Here's one that came up a few weeks ago.
- Company has 300,000 twelve-month buyers, and a 50% annual retention rate.
- Company has 1,000,000 lapsed buyers, 5% will purchase next year.
- Company acquires 200,000 new buyers per year.
- Company wants to increase loyalty by 20% to grow the business.
Well, this can work.
First, let's look at how many buyers this brand will have next year.
- 300,000 * 0.50 + 1,000,000 * 0.05 + 200,000 = 400,000 buyers.
So this is a healthy business, isn't it?
Now, let's look at the impact of a twenty percent increase in loyalty.
- 300,000 * (0.50*1.20) + 1,000,000 * (0.05*1.20) + 200,000 = 440,000 buyers.
Here's the problem. It's REALLY HARD to increase customer loyalty. If it were easy to bump retention rates by 20%, everybody would be doing it, and all of our businesses would be growing at unfettered rates, right?
Try this one on for size. Grow new customers by 20%.
- 300,000 * 0.50 + 1,000,000 * 0.05 + 200,000*1.20 = 440,000 buyers.
Improving customer loyalty requires fundamental shifts in marketing, merchandising, and service. It's terribly hard to improve customer loyalty. Go back and look at retention rates over the past decade, you'll quickly notice that retention rates barely move.
Now go back and look at new customer acquisition counts over the past decade.

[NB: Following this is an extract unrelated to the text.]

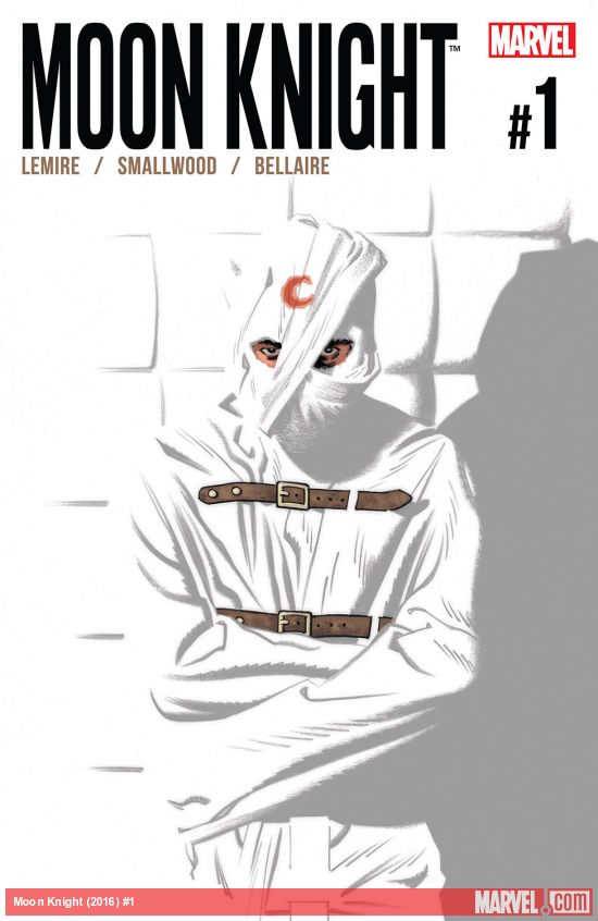 THE BOOK YOU’D BE INSANE TO MISS! Marc Spector (a.k.a. Moon Knight/Jake Lockley/Steven Grant) has been fighting criminals and keeping New York City safe for years… or has he? When he wakes up in an insane asylum with no powers and a lifetime’s worth of medical records, his whole identity (indentities) are called into question. Something is wrong, but is that something Marc Spector himself? Jeff Lemire (EXTRAORDINARY X-MEN) and rising star Greg Smallwood are calling everything you know about Moon Knight into question.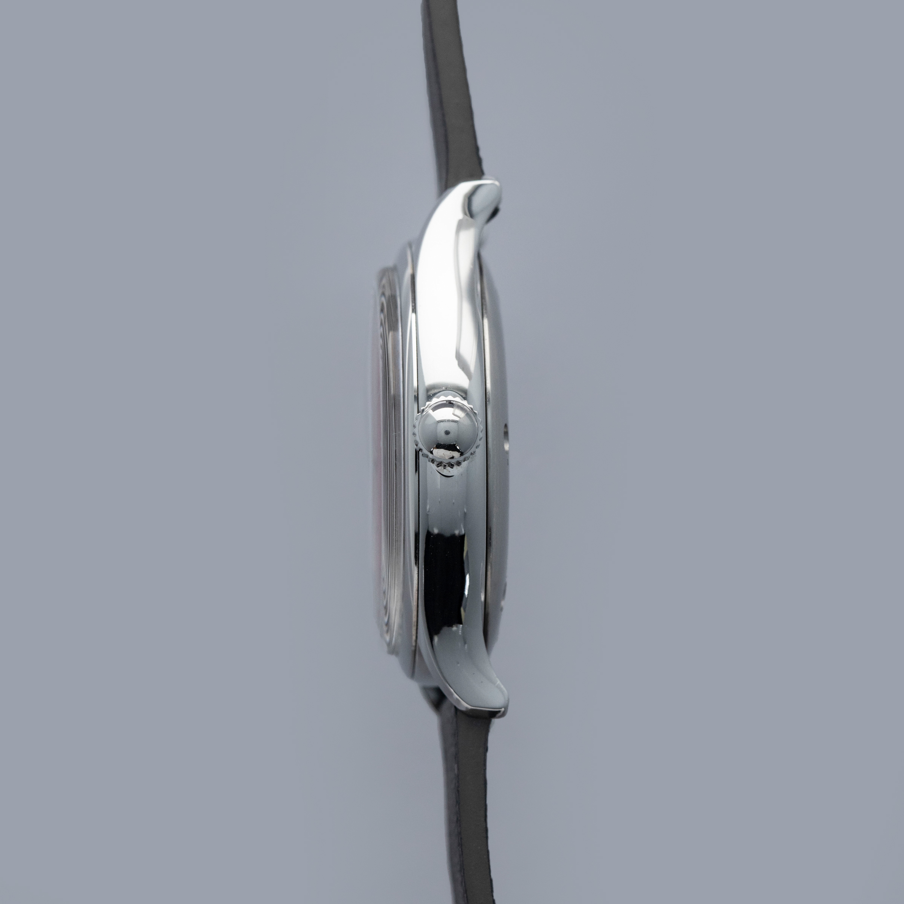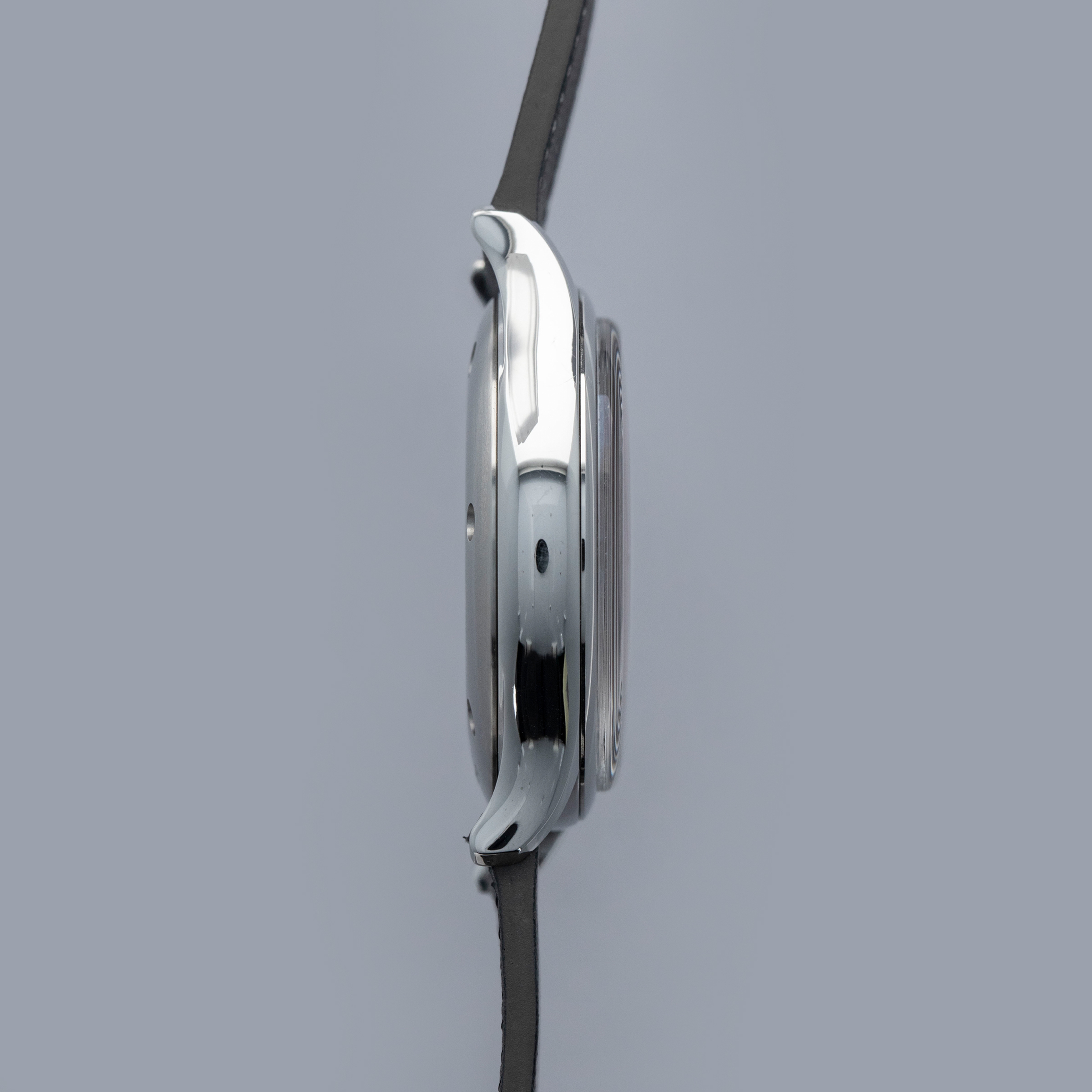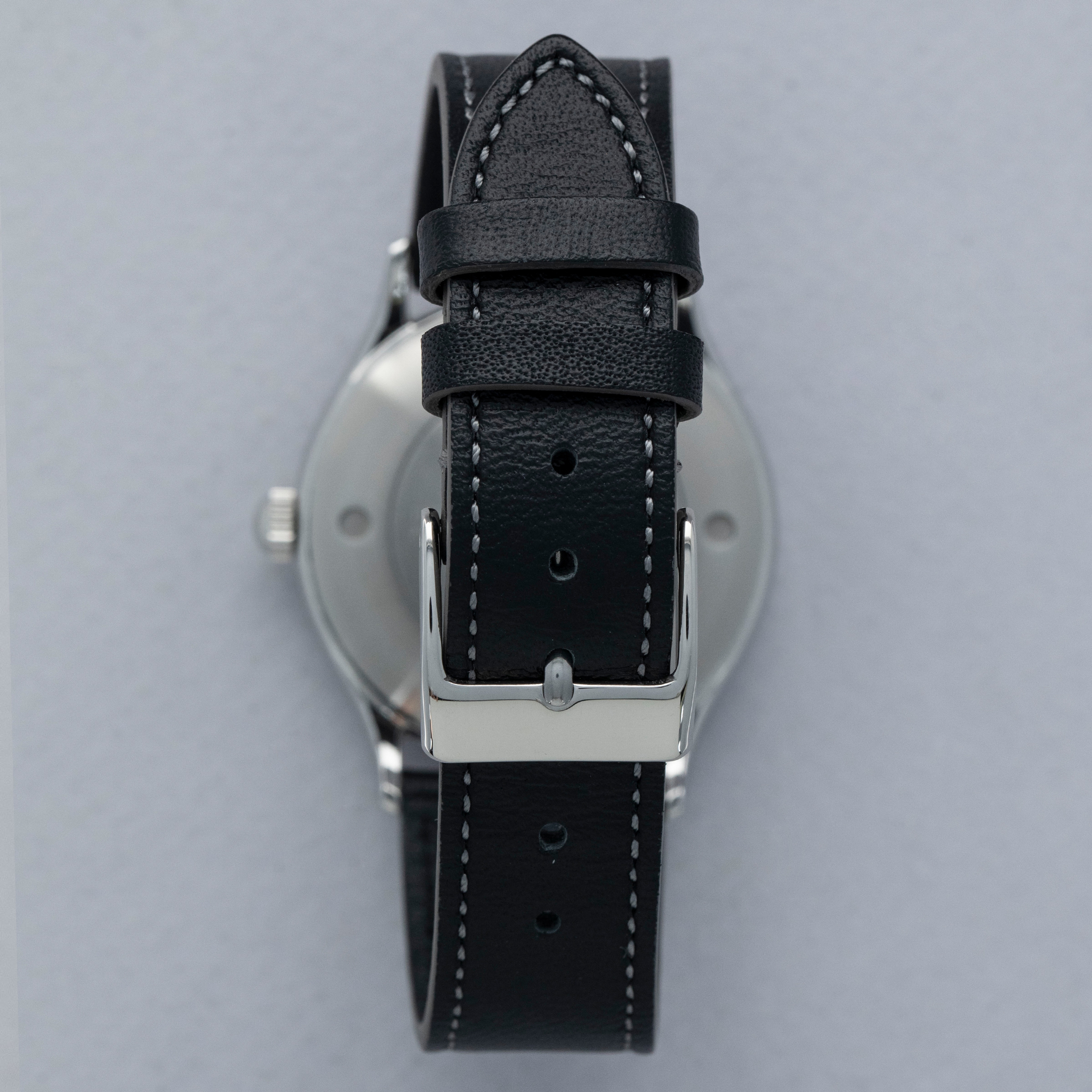 The watch is in near-mint condition. There are a few signs of wear on the case back and some very light scratches on the rear of the lugs. The dial and hands are pristine. The watch is fitted with a black leather quick-release strap with a steel buckle. Comes complete with box, papers, and accessories.

You'll quickly notice that YOU decide new customer acquisition counts ... you make changes to your marketing budget, and you see an immediate cause-and-effect, don't you?
New customers matter. Best of all, you control your own destiny. So few loyalty initiatives push the peanut. So many new customer acquisition investments pay off over time.